2012年、Bishop Nehruはデビュー・ミックステープ『Nehruvia』を自主制作でリリースした。物憂げな雰囲気のその16歳は人生についての大人びた考え方と、酩酊感のあるループと愉快で朦朧としているドラムの上でライミングする能力を世界に示した。ニューヨーク北部に住むNehruはすぐに伝説的カルト・ラッパー、DF DOOMとの創作的な絆を築き上げ、2014年にコラボ作『NehruvianDOOM』をドロップするなど、この一匹狼のスーパーヴィランとメンター・生徒のような関係性を追い求めた。DOOMの影響はNehruのその後の作品にも多く見られたが、彼の最新作『Nehruvia: My Disregarded Thoughts』は彼が「成人した」作品のように感じられる。彼の類まれな音楽的ヒストリーにもしっかりと目配せをしながら、Nehruのアーティストとしての成長が次のフェイズに入ったことを知らせるような作品となっている。

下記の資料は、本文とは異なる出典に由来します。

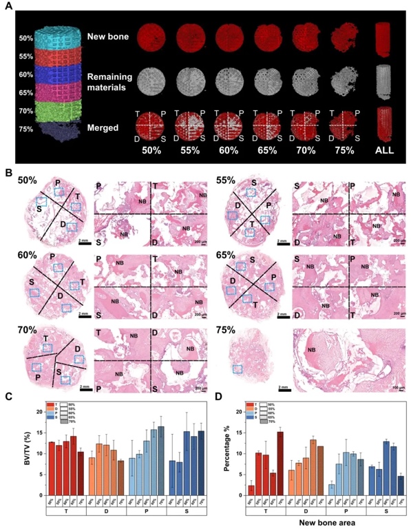 CaP圆柱状支架的体内评价,通过微CT三维重建和组织学染色(H&E),分析了支架植入比格犬背部肌肉180天后的新骨形成情况。结果显示,65%-70%孔隙率的多面体和方形结构新骨形成量较高,75%孔隙率结构因降解严重导致骨组织较少,验证了孔隙率对体内骨诱导性的关键作用。
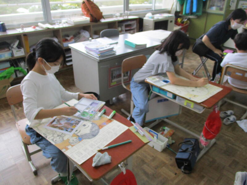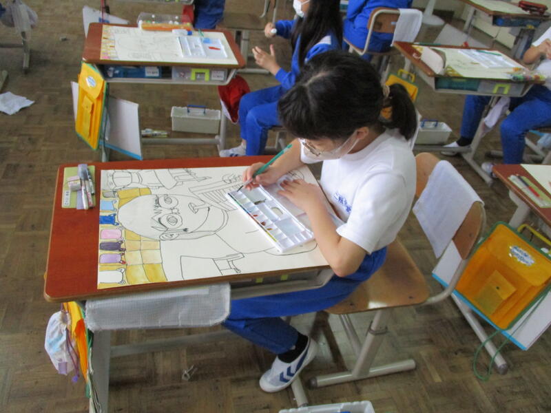2024年10月7日 18時26分4年生の図画工作科です。今回は人物画を描きます。リコーダーを演奏する自分を描いています。人物を描くのは難しいですが、みんな丁寧に描いていました。完成までがんばります!
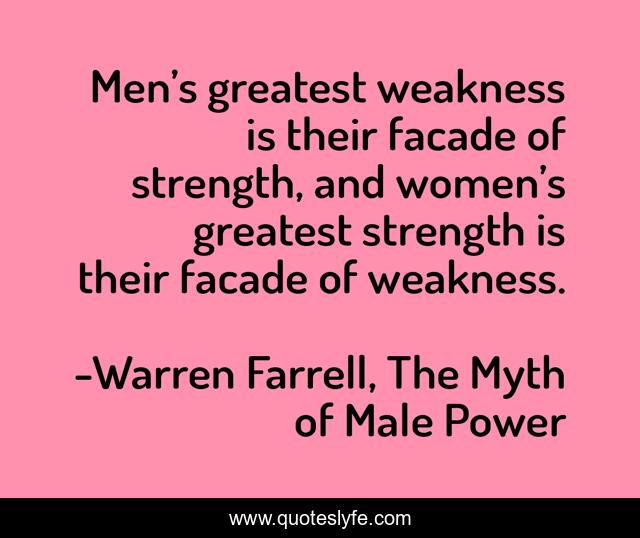 This page presents the quote "Men’s greatest weakness is their facade of strength, and women’s greatest strength is their facade of weakness.". Author of this quote is Warren Farrell, The Myth of Male Power. This quote is about equality, men, men-s-rights, mra, feminism, women,.

精神的隷属を乗り越えることについての一連の楽曲群であると広く信じられているこのアルバムは“Colder”で幕を開ける。気味悪くぶつぶつと呟くようなシンセと縮められたスネアは、Nehruが「日々がどんどん冷たくなっていく」と感じている世界で神と悪魔両方に試されることになるこの曲の背景として機能する。このアルバムの13曲を貫いている内省的な底流が存在し、Nehruのデリヴァリーはそれ自体が順応性のある楽器であることを証明しており、様々な音楽的状況にもアジャストして適応する。“whydoesthenightskytalktome?”ではブルージーアコースティックギターのバッキングに乗せ、歌うようなフロウでこう嘆く。「こんな考えにとらわれて、頭から離れないんだ」“little suzy (be okay)”はピアノを中心としたトラックの上で、依存症と闘いながら「ホームと呼べる場所を探している」孤独な人物を描写した曲だ。

神出鬼没のDOOMもこのアルバムには当然客演で参加し、“METAHEAD”ではしなやかなジャズ・サイケのループの上で甘ったるい抽象画を描いている。しかし『Nehruvia』で見られる成熟を象徴しているのは“Too Lost”でのDJ Premierとの共演である。Premoのトレードマークである角張ったブーム・バップではなくメロディックなピアノの上で、Nehruは彼の中の「内なる子ども」と会話し、自分がどこから来てどう変わったのかを振り返っている――抜け目なく、彼のキャリアの最新のステージを精算しているのだ。